▶ _WHAT YOU WILL DO_
Could you retype exactly the lines below between the one holding "秋田の親戚から送られてきたき" and the one holding "영국에서 건너온 빈티지", inclusive, leaving out any pictures?

▶ _MATERIALS PROVIDED_
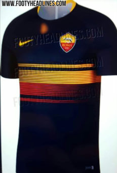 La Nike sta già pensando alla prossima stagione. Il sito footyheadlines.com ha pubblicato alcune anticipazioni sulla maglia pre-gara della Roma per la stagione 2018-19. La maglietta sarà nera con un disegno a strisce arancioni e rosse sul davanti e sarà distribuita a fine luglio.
...
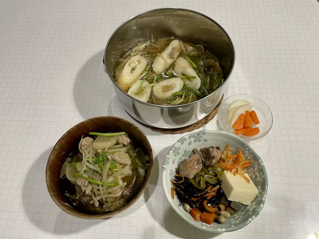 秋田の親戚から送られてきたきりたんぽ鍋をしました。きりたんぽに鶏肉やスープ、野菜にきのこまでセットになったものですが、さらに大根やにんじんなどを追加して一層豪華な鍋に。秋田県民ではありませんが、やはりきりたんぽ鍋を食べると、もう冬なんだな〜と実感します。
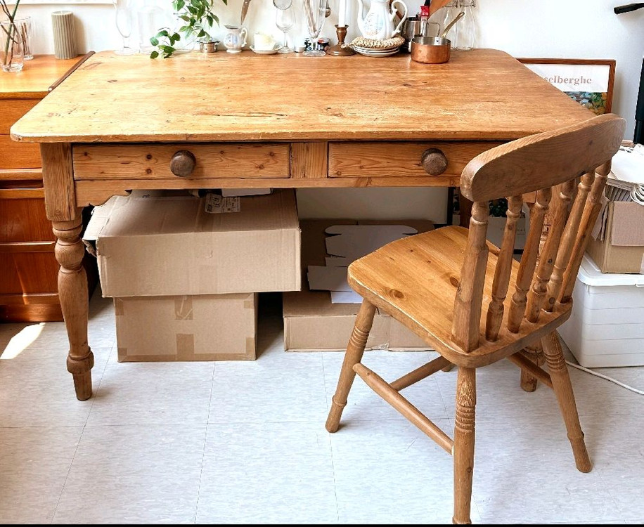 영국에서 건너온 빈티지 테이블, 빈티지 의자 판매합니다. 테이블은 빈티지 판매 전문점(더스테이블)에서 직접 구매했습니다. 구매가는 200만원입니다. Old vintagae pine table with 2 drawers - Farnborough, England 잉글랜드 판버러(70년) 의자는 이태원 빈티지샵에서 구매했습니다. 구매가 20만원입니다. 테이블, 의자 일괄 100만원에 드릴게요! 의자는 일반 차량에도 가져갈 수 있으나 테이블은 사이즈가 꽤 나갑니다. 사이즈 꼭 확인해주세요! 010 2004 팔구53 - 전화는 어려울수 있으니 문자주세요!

▶ _WORKED SOLUTION_
 秋田の親戚から送られてきたきりたんぽ鍋をしました。きりたんぽに鶏肉やスープ、野菜にきのこまでセットになったものですが、さらに大根やにんじんなどを追加して一層豪華な鍋に。秋田県民ではありませんが、やはりきりたんぽ鍋を食べると、もう冬なんだな〜と実感します。
 영국에서 건너온 빈티지 테이블, 빈티지 의자 판매합니다. 테이블은 빈티지 판매 전문점(더스테이블)에서 직접 구매했습니다. 구매가는 200만원입니다. Old vintagae pine table with 2 drawers - Farnborough, England 잉글랜드 판버러(70년) 의자는 이태원 빈티지샵에서 구매했습니다. 구매가 20만원입니다. 테이블, 의자 일괄 100만원에 드릴게요! 의자는 일반 차량에도 가져갈 수 있으나 테이블은 사이즈가 꽤 나갑니다. 사이즈 꼭 확인해주세요! 010 2004 팔구53 - 전화는 어려울수 있으니 문자주세요!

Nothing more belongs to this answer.